> MATERIAL SUPPLIED:
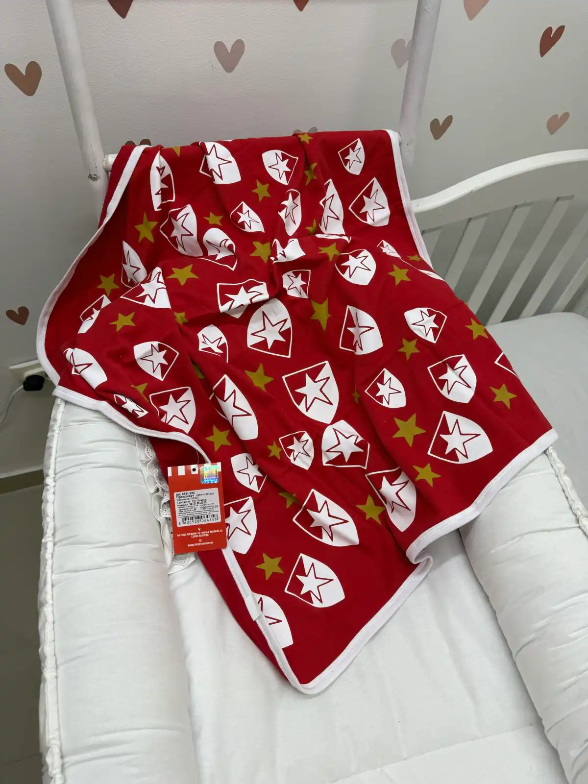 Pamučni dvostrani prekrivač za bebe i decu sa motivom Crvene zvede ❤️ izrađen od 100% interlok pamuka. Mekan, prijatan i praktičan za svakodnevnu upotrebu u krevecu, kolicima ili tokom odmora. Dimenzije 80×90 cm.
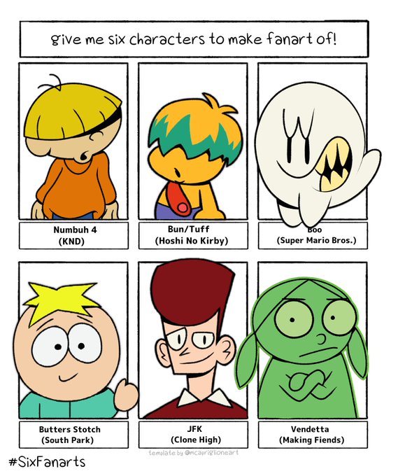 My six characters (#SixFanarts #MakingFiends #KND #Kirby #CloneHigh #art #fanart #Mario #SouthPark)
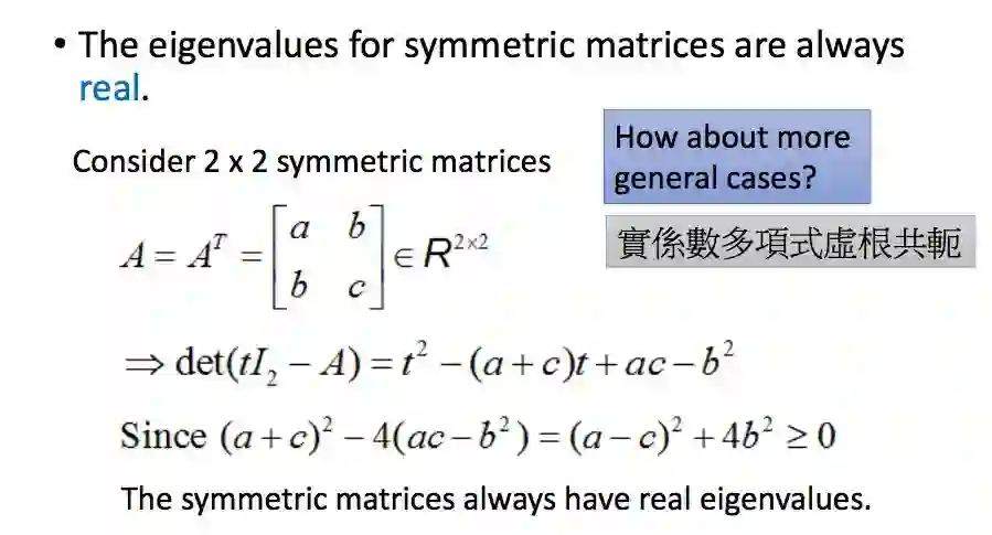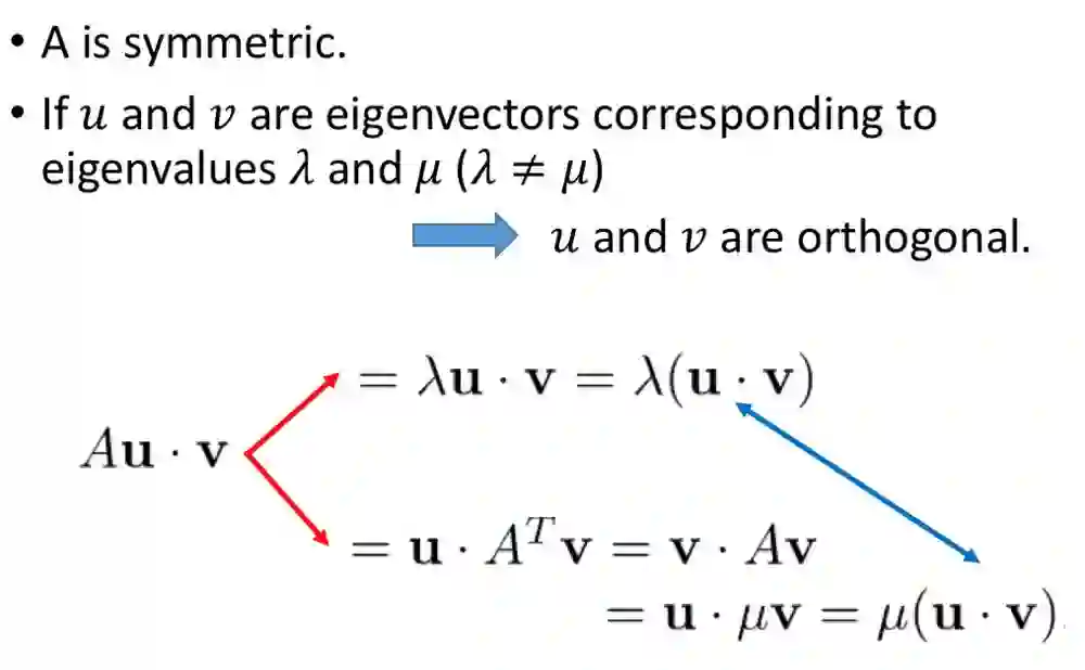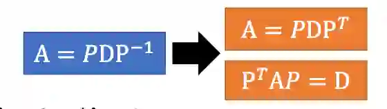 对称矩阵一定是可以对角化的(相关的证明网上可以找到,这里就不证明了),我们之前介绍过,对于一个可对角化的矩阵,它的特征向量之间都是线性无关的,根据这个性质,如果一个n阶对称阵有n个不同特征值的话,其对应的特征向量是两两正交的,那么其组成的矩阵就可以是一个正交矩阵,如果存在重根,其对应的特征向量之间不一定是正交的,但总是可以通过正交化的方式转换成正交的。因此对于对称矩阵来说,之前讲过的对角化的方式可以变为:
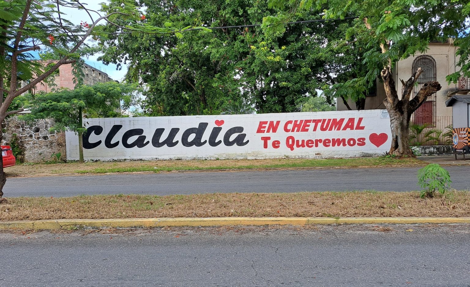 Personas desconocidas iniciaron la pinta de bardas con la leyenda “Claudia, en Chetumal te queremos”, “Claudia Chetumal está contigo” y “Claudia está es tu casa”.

* * *

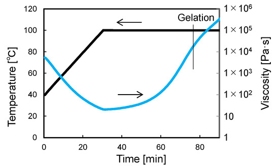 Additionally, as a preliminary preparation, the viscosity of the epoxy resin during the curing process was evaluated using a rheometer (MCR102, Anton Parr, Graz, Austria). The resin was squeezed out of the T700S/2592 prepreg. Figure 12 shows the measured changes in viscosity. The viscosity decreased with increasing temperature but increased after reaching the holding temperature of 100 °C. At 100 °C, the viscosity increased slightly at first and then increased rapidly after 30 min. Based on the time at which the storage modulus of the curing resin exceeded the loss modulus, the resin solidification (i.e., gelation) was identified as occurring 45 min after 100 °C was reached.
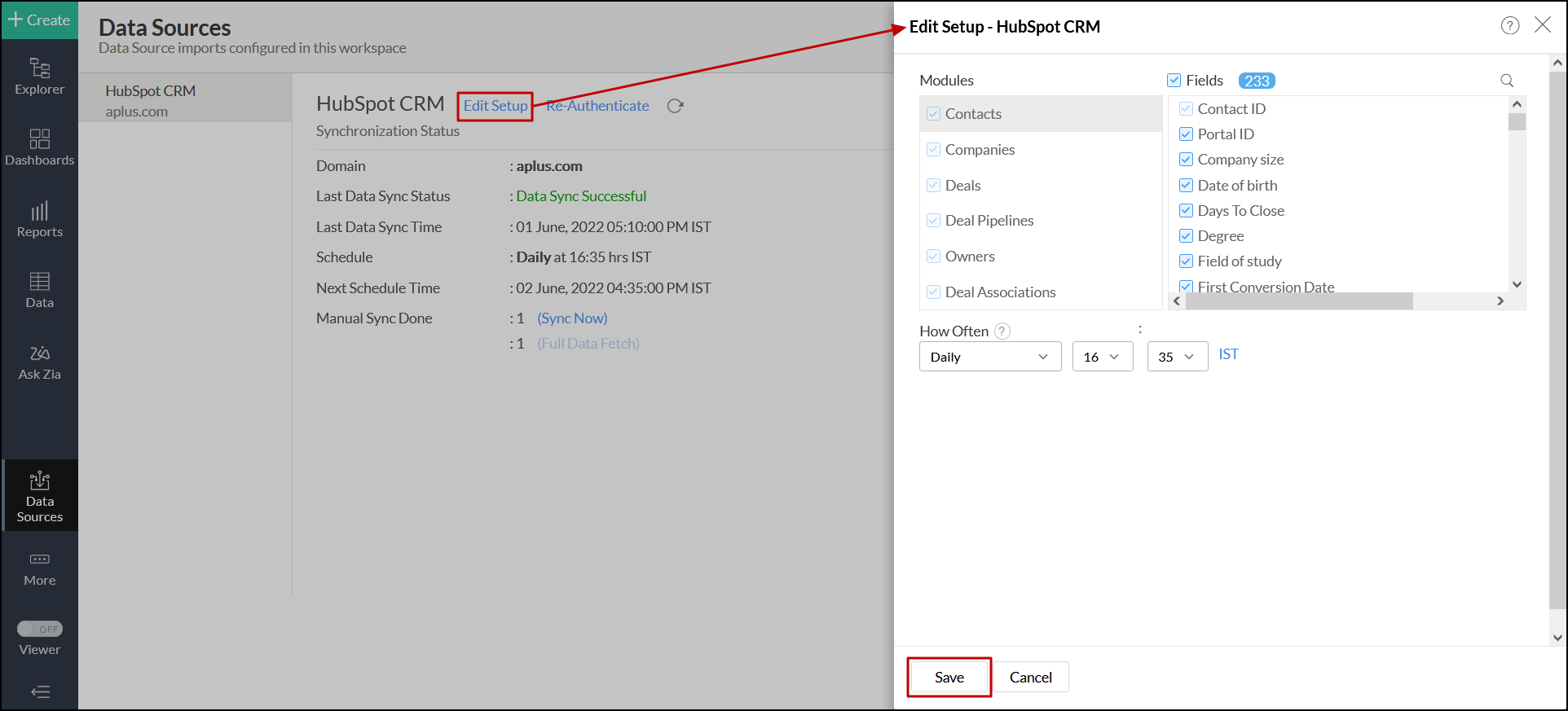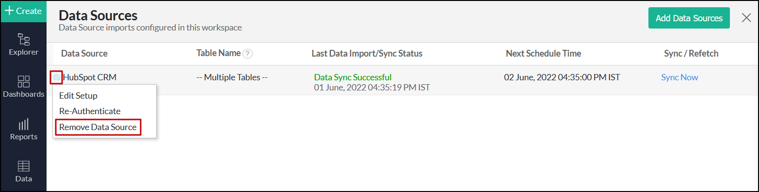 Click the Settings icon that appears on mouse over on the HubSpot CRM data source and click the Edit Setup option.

==

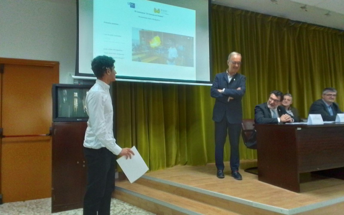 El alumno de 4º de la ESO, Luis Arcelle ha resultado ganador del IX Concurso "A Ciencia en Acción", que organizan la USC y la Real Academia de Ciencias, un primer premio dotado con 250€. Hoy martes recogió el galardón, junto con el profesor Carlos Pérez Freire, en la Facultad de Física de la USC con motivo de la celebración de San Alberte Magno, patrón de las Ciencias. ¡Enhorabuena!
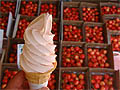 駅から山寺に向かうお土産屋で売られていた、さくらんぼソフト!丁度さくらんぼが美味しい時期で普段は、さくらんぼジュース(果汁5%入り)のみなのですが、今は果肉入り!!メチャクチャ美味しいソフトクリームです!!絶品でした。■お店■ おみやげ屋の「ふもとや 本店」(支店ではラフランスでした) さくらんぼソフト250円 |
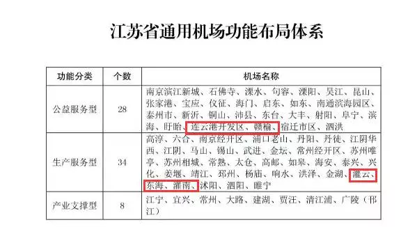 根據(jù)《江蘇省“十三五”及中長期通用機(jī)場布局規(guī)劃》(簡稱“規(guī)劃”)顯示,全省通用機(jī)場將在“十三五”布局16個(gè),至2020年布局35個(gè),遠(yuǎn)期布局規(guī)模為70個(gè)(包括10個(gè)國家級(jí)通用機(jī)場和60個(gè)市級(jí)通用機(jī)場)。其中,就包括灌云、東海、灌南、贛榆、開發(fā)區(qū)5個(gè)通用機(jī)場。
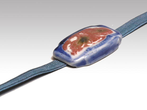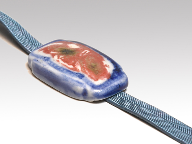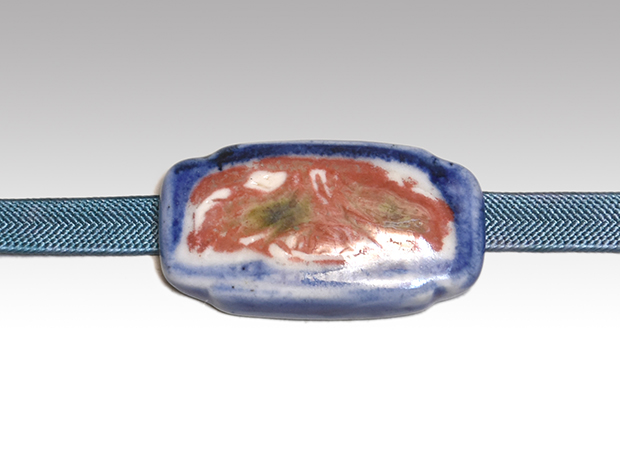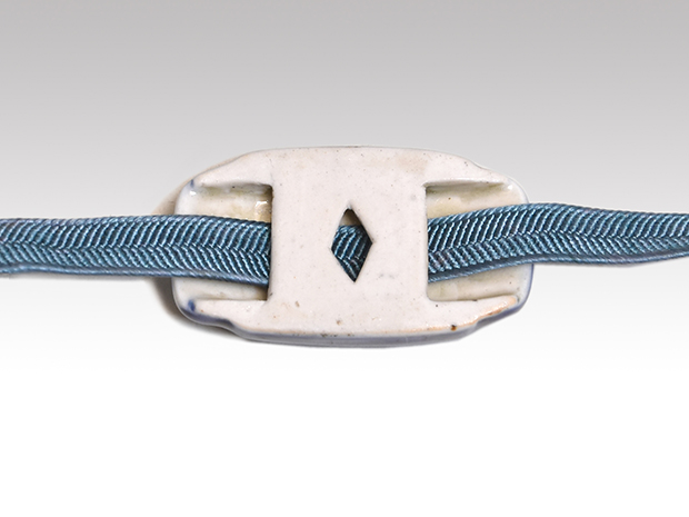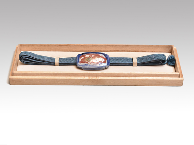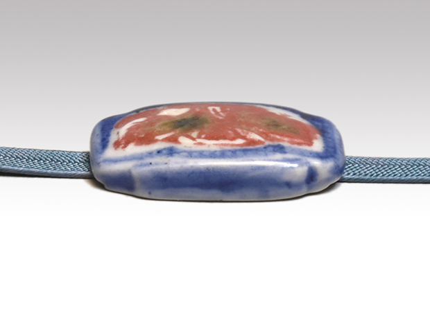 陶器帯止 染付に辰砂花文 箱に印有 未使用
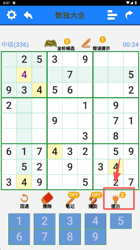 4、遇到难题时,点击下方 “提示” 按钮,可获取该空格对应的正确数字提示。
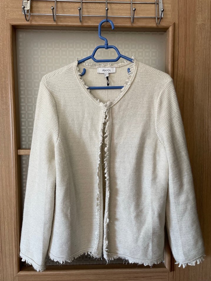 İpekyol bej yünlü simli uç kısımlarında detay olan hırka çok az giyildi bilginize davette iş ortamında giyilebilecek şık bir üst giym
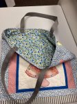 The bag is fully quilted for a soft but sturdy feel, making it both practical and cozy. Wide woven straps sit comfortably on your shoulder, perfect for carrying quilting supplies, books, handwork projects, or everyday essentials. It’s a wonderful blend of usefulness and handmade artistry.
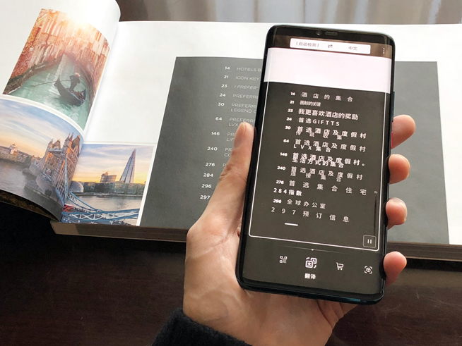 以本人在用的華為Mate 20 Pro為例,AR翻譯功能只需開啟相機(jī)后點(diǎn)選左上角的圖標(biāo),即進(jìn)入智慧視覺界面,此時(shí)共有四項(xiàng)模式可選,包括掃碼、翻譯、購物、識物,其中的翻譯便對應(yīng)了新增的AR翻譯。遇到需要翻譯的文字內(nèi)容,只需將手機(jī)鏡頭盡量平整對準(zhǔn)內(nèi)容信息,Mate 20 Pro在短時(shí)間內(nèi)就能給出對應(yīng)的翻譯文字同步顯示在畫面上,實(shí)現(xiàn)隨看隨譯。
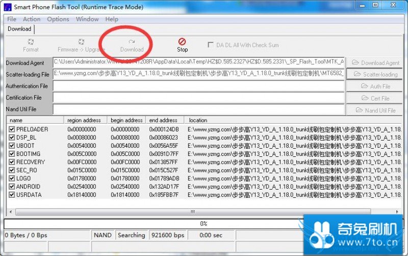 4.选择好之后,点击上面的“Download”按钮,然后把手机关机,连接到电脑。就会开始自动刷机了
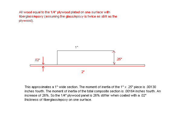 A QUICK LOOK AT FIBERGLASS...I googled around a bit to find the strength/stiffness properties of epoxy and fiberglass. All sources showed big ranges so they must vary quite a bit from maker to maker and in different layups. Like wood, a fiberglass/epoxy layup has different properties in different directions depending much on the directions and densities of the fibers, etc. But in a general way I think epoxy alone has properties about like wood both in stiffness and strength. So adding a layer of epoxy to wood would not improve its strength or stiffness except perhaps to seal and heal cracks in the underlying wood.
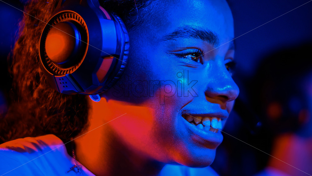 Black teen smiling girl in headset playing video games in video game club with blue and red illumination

> TASK TO CARRY OUT: Above are the records; please give again, exactly and in full, only the lines that run from the line with "Pamučni dvostrani prekrivač" through the line with "My six characters", with no pictures.

> ANSWER FOR THIS EXERCISE:
 Pamučni dvostrani prekrivač za bebe i decu sa motivom Crvene zvede ❤️ izrađen od 100% interlok pamuka. Mekan, prijatan i praktičan za svakodnevnu upotrebu u krevecu, kolicima ili tokom odmora. Dimenzije 80×90 cm.
 My six characters (#SixFanarts #MakingFiends #KND #Kirby #CloneHigh #art #fanart #Mario #SouthPark)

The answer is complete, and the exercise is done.